◆ Work task:
In the data below, begin at the line with "- Samstag, 2." and stop after the line with "Lampadaire artisanal en"; output those lines exactly and no pictures.

◆ Data records:
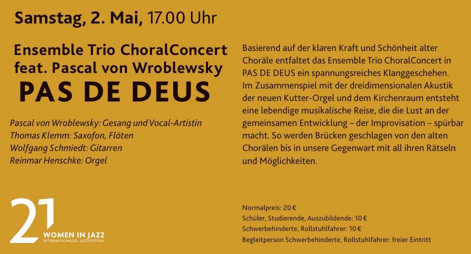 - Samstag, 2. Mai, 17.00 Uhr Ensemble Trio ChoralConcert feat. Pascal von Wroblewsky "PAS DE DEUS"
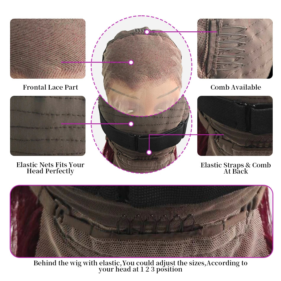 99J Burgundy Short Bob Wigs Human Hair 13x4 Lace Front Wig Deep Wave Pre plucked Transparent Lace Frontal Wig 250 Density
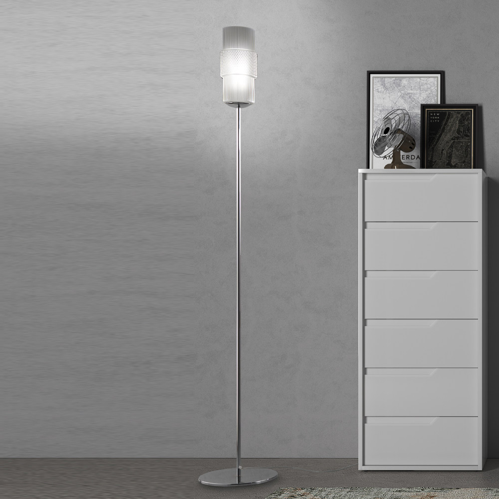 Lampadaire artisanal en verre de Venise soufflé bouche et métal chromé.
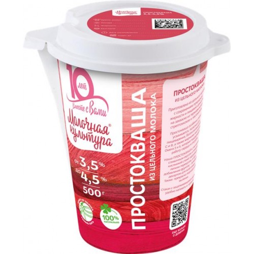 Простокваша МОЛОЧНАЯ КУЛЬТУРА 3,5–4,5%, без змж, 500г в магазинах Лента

==

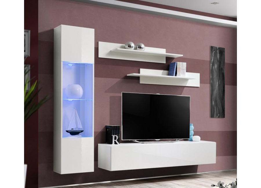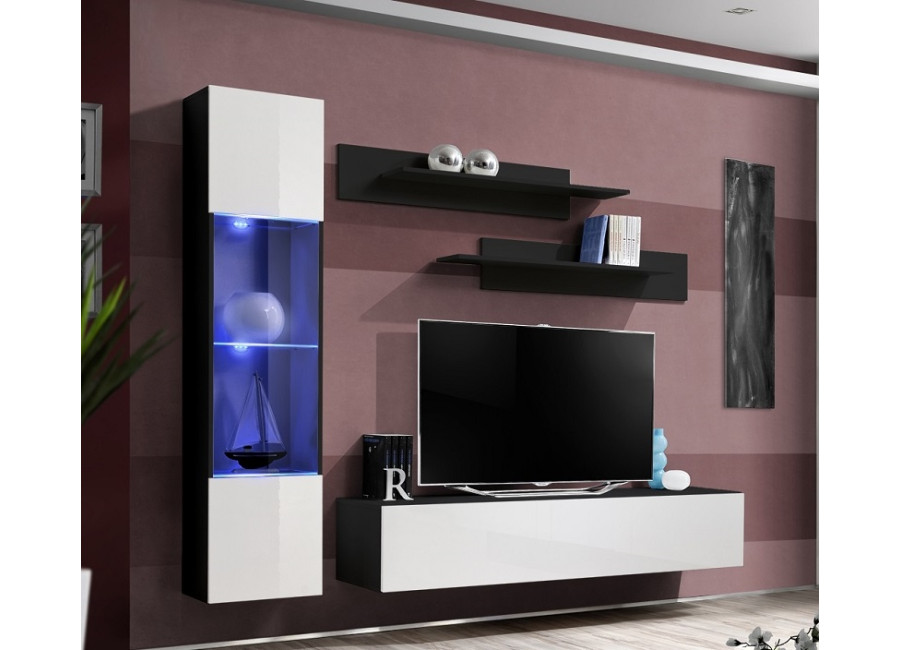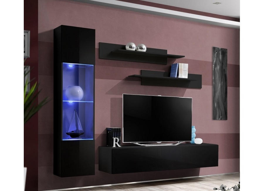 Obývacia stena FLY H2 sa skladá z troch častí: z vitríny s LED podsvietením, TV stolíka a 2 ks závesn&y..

◆ Written solution:
 - Samstag, 2. Mai, 17.00 Uhr Ensemble Trio ChoralConcert feat. Pascal von Wroblewsky "PAS DE DEUS"
 99J Burgundy Short Bob Wigs Human Hair 13x4 Lace Front Wig Deep Wave Pre plucked Transparent Lace Frontal Wig 250 Density
 Lampadaire artisanal en verre de Venise soufflé bouche et métal chromé.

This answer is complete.